With the state’s move toward more open government, South Dakotans at least will be able to piece together the big campaign donations if they want to.
It might be more difficult to track which candidates convert campaign contributions to personal use – a practice not prohibited by state law.
Procurement reform and redistricting
South Dakota is benefiting from a reformed public procurement system, which limits or prevents sole-source contracting – depending on the type of contract — and encourages competitive bidding on both contracts and professional services.
After taking office in 2003, then- Gov. Mike Rounds put Paul Kinsman, the state’s commissioner of administration, in charge of reforming the process.
South Dakota now requires any sole-source contract to include an explanation for auditors. Most contracts and proposals are reviewed by committees, with multiple bidders, Kinsman said.
Pay-to-play is not part of state purchasing, he said.
“We’ve never had a situation where we’ve even had anyone question whether somebody had some kind of contract because they made a donation,” Kinsman said. “There’s a definite structure to the whole process. I don’t think pay to play can even come into it.”
South Dakota’s 2011 legislative redistricting process took strides towards being more transparent and inclusive, but the state’s Democrats still complained that Republicans used their political muscle to draw a map that favors the GOP.
Democrats said that some of their legislators will have to face each other, while most Republicans – who vastly outnumber the Democrats – will not have that problem.
“Despite a very high number of Republican incumbents, there are hardly any districts in which new lines will create any primary challenges for Republicans,” said Democratic party chairman Nesselhuf in a press release.
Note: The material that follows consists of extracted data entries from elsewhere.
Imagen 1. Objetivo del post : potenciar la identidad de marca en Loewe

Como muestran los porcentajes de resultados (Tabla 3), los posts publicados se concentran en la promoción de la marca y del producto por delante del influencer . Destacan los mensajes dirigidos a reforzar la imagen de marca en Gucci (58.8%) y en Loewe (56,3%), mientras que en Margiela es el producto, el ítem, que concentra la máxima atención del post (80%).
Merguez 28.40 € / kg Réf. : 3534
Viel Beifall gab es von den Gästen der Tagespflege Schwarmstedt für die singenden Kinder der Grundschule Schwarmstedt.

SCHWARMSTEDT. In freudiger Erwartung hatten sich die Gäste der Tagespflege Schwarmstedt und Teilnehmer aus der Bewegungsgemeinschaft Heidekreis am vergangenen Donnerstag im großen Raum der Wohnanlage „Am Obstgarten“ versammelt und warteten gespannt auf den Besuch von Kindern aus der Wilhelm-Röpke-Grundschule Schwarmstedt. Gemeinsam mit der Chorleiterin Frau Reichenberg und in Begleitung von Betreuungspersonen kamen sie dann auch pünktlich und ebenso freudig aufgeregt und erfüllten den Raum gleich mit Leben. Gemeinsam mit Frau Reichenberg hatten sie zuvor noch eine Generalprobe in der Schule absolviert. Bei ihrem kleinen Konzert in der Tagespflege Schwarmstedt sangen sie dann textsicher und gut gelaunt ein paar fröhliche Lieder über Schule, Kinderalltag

Rep. Paul Dennert (D-Columbia) and Sen. Jason Frerichs (D-Wilmot) made similar comments.
Bill Thompson, a former Democratic legislator and co-founder of the South Dakota Citizens Redistricting Commission, said there has been “significant improvement” in the redistricting process. “The Legislature’s committee has been quite open,” he said. “Overall I’m pleased with the committee’s willingness to let us participate.”
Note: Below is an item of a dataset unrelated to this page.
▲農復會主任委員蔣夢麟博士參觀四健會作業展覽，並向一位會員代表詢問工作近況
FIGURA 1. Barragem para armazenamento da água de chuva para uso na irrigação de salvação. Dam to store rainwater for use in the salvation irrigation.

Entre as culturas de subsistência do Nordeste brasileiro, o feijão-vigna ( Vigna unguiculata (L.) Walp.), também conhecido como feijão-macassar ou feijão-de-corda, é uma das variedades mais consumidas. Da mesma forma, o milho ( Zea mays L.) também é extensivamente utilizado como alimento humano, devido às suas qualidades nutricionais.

But there’s a caveat, Thompson said. “Ultimately, the bottom line is the outcome. What does the map look like? Was the map drawn for the benefit of citizens or legislators? I’m afraid that’s a rhetorical question.”
While the parties worry about primary elections, the non-partisan staff at the Legislative Research Council has worked hard to reach out to key communities this year, said Jim Fry, the LRC’s director. On American Indian reservations, the LRC staff has used community liaisons to publicize public hearings in addition to the traditional press releases and public service announcements. Similar work has been done in Sioux Falls and Rapid City, the state’s two largest communities, Fry said.
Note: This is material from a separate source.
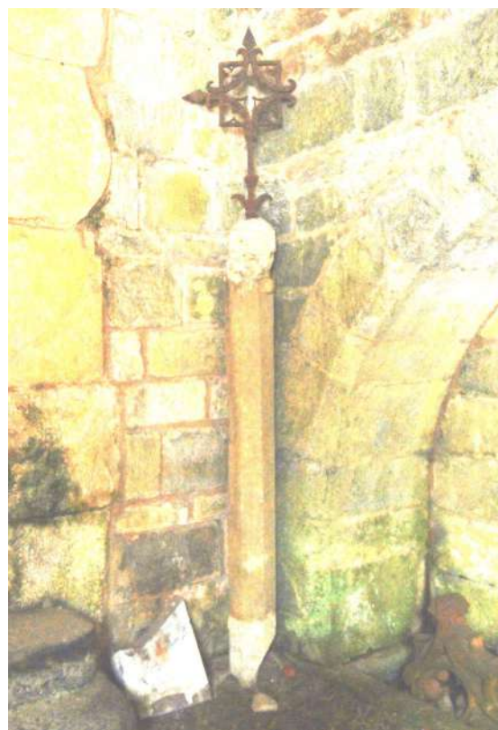
Fuste original del crucero, hoy depositado en el claustro de la Colegiata.

truida. El visitador ordenará reconstruirla. Y ordenará también poner una campana para aviso de alarma. Se debía tañer desde el crepúsculo hasta una hora después de medianoche para advertir a los pobres viajeros”.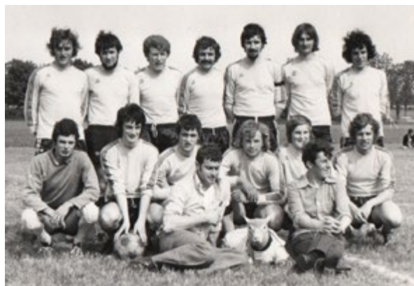
/ L'équipe de 1975 © Bernard Brunel.

The LRC’s website is perhaps the brightest spot when it comes to accessibility and transparency in South Dakota government.
The site, provides real-time streaming audio of all committee hearings and floor sessions. All agendas are posted in advance of committee and floor action, and the site allows users to track legislation as well as topics. Anyone interested in the business of the South Dakota Legislature can use the Internet to follow the action almost as closely as someone who never leaves the Capitol.
The only thing that could make the Legislature more open would be a ban on the closed caucus meetings held in the Capitol by both Republicans and Democrats each day of each legislative session. Many debates are held and decisions made within those meetings. It’s not uncommon for lawmakers to suspend open floor debate so they can gather behind closed doors to iron out an issue. This is particularly true for Republican legislators, as that party has held majorities and super-majorities in the Legislature in recent decades.
“Much work remains to be done if South Dakota is to become a much more robust state for openness and transparency,” the Newspaper Association’s Bordewyk said. “The good news is that there seems to be a greater awareness of open government issues among government officials and at least a willingness on their part to consider changes and improvements.”